→ **WHAT YOU WILL DO**: Every line between the one containing "Este conjunto deportivo" and the last line of the data, both included, is to be set down exactly, and pictures are to be omitted.

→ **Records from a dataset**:
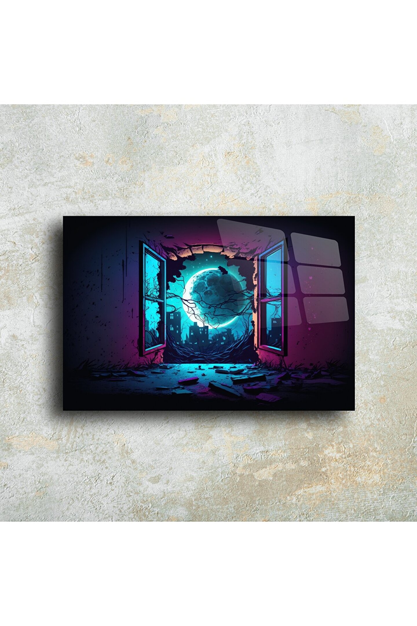 Bu eşsiz cam tablo, bir harabe odadan görünen büyüleyici neon mavi bir ay manzarasını fütüristik bir estetikle sunar. Pencereden uzanan bu sahne, izleyeni bilinmeyen bir evrende geceye doğru bir yolculuğa çıkarıyor.
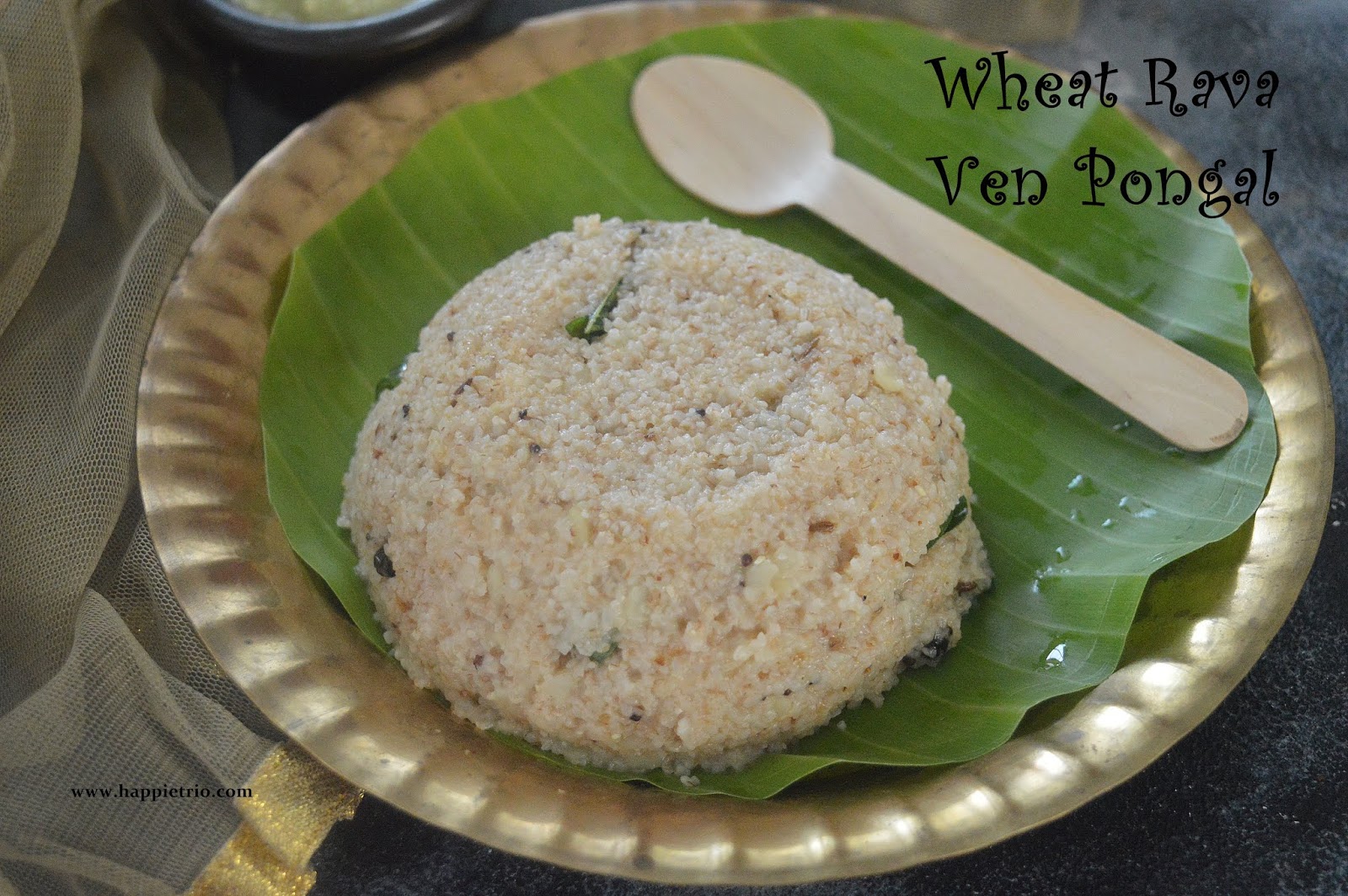 - Next add in the Cashew nuts, crushed ginger piece, Green Chilli and Curry leaves. Fry in a low flame until a nice aroma and then pour this over the cooked Wheat Rava Ven Pongal . Mix well. Serve hot with extra dollop of ghee.
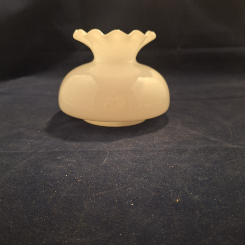 Olielamp kap klein model d-12,5cm rand 10,8cm opaal nr 10089Olielamp kapje klein model voor een tafellampje of wandlampje. De kleur van de glazen kap is opaal (glans) wit en de maten zijn hoog 12,2cm, diameter 12,5cm en de opstaande rand die in de kraag van de lamp valt is 10,8cm.
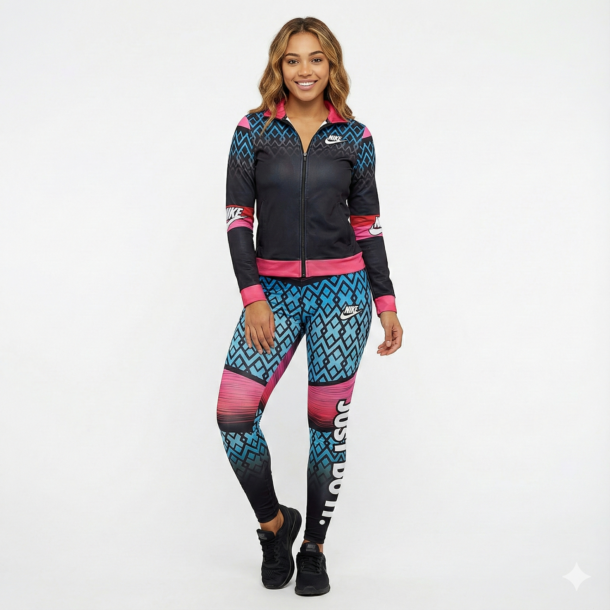 Este conjunto deportivo largo combina una chamarra de manga larga con cremallera frontal y leggins de compresión en lycra colombiana que moldea el cuerpo y realza tu silueta. El diseño gráfico aporta impacto visual mientras proporciona ajuste y soporte. Ideal para mujeres que proyectan fuerza, estilo y control en movimiento.
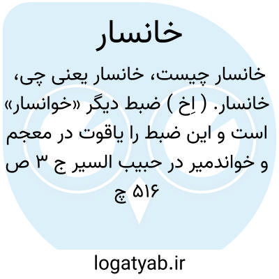 خانسار. ( اِخ ) ضبط دیگر «خوانسار» است و این ضبط را یاقوت در معجم و خواندمیر در حبیب السیر ج 3 ص 516 چ کتابخانه خیام آورده: «خانسار از اعمال جربادقان ( گلپایگان )» و یاقوت آورد: احمدبن حسن بن احمدبن علی بن حصیب مکنی به ابوسعد خانساری منسوب به این ناحیه ( خانسار ) است. او از ابی طاهر محمدبن احمدبن عبدالرحیم و جز او حدیث شنید. ( از معجم البلدان یاقوت حموی ).
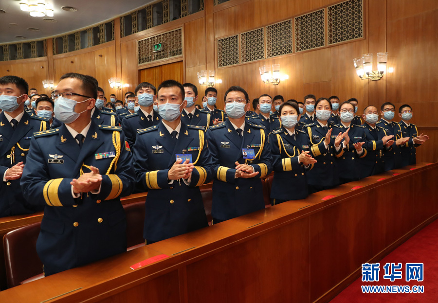 ??? 10月23日,紀(jì)念中國(guó)人民志愿軍抗美援朝出國(guó)作戰(zhàn)70周年大會(huì)在北京人民大會(huì)堂隆重舉行。圖為志愿軍老戰(zhàn)士、老同志入場(chǎng)時(shí),大會(huì)現(xiàn)場(chǎng)的解放軍和武警部隊(duì)官兵代表起立鼓掌。(新華網(wǎng) 翟子赫 攝)
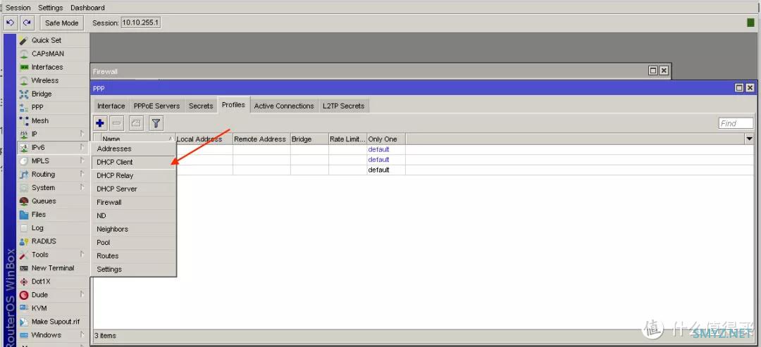 用winbox连接ROS,打开IPv6 --> DHCP Client。Interface选择PPPoE拨号连接(我这里是pppoe);Request勾上prefix;Pool Name随便填,如IPv6;Pool Prefix Length填入运营商分配的,我这里是64(一般是64,56,48这3种);勾上“Rapid Commit”;勾上“Add Default Route”;点击OK。获取成功后的状态为Status:bound。
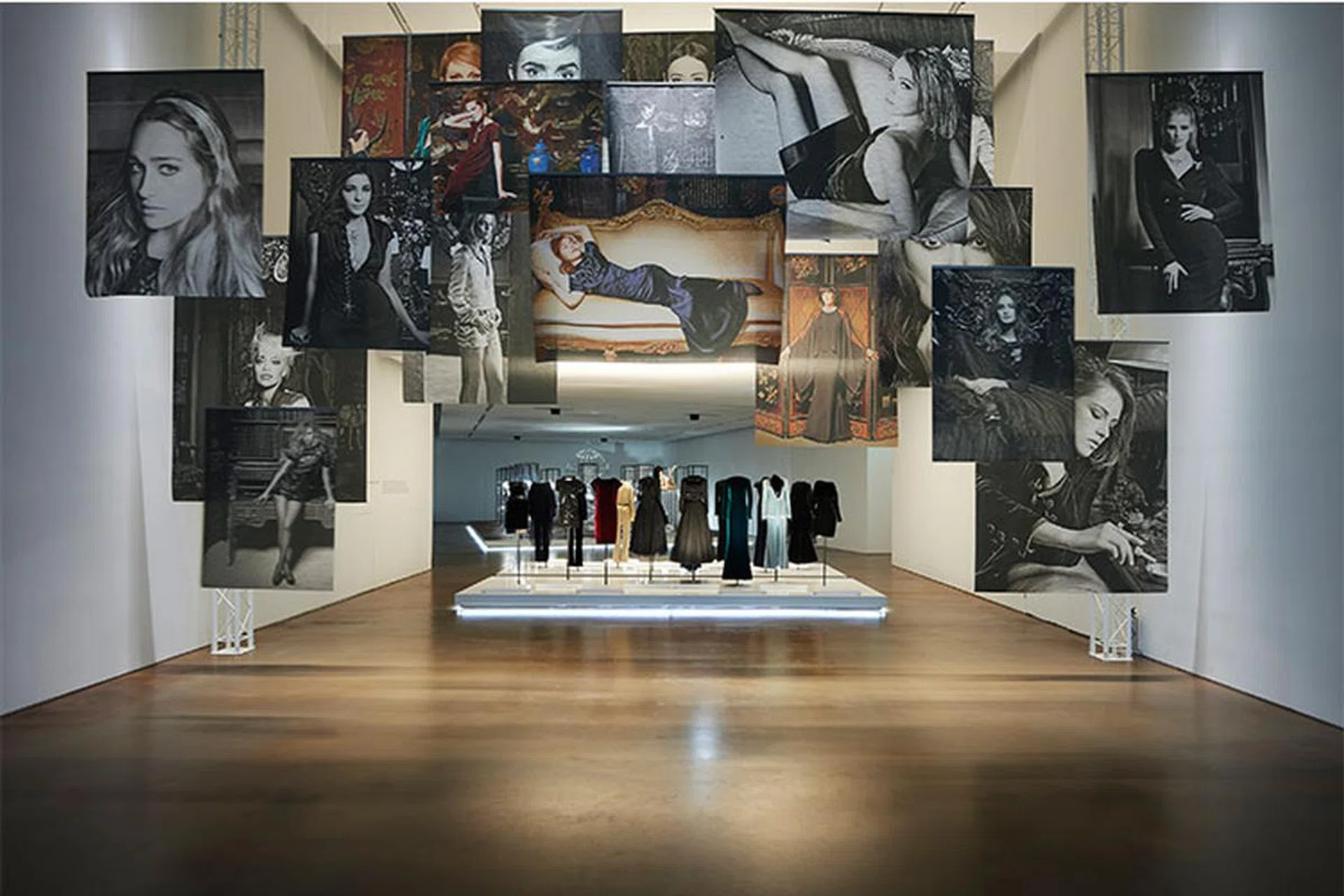 No filters needed here. That's because the glass door, windows and floor of the entrance of the museum are swathed in a holographic material to futuristic effect. It's a trippy prelude to the exhibition which begins at the bottom of the stairway. The ceiling meanwhile, is a lightbox draped in patterns inspired by the lacquered Coromandel screens which Coco Chanel collected throughout her private apartment.

→ **EXERCISE ANSWER**:
 Este conjunto deportivo largo combina una chamarra de manga larga con cremallera frontal y leggins de compresión en lycra colombiana que moldea el cuerpo y realza tu silueta. El diseño gráfico aporta impacto visual mientras proporciona ajuste y soporte. Ideal para mujeres que proyectan fuerza, estilo y control en movimiento.
 خانسار. ( اِخ ) ضبط دیگر «خوانسار» است و این ضبط را یاقوت در معجم و خواندمیر در حبیب السیر ج 3 ص 516 چ کتابخانه خیام آورده: «خانسار از اعمال جربادقان ( گلپایگان )» و یاقوت آورد: احمدبن حسن بن احمدبن علی بن حصیب مکنی به ابوسعد خانساری منسوب به این ناحیه ( خانسار ) است. او از ابی طاهر محمدبن احمدبن عبدالرحیم و جز او حدیث شنید. ( از معجم البلدان یاقوت حموی ).
 ??? 10月23日,紀(jì)念中國(guó)人民志愿軍抗美援朝出國(guó)作戰(zhàn)70周年大會(huì)在北京人民大會(huì)堂隆重舉行。圖為志愿軍老戰(zhàn)士、老同志入場(chǎng)時(shí),大會(huì)現(xiàn)場(chǎng)的解放軍和武警部隊(duì)官兵代表起立鼓掌。(新華網(wǎng) 翟子赫 攝)
 用winbox连接ROS,打开IPv6 --> DHCP Client。Interface选择PPPoE拨号连接(我这里是pppoe);Request勾上prefix;Pool Name随便填,如IPv6;Pool Prefix Length填入运营商分配的,我这里是64(一般是64,56,48这3种);勾上“Rapid Commit”;勾上“Add Default Route”;点击OK。获取成功后的状态为Status:bound。
 No filters needed here. That's because the glass door, windows and floor of the entrance of the museum are swathed in a holographic material to futuristic effect. It's a trippy prelude to the exhibition which begins at the bottom of the stairway. The ceiling meanwhile, is a lightbox draped in patterns inspired by the lacquered Coromandel screens which Coco Chanel collected throughout her private apartment.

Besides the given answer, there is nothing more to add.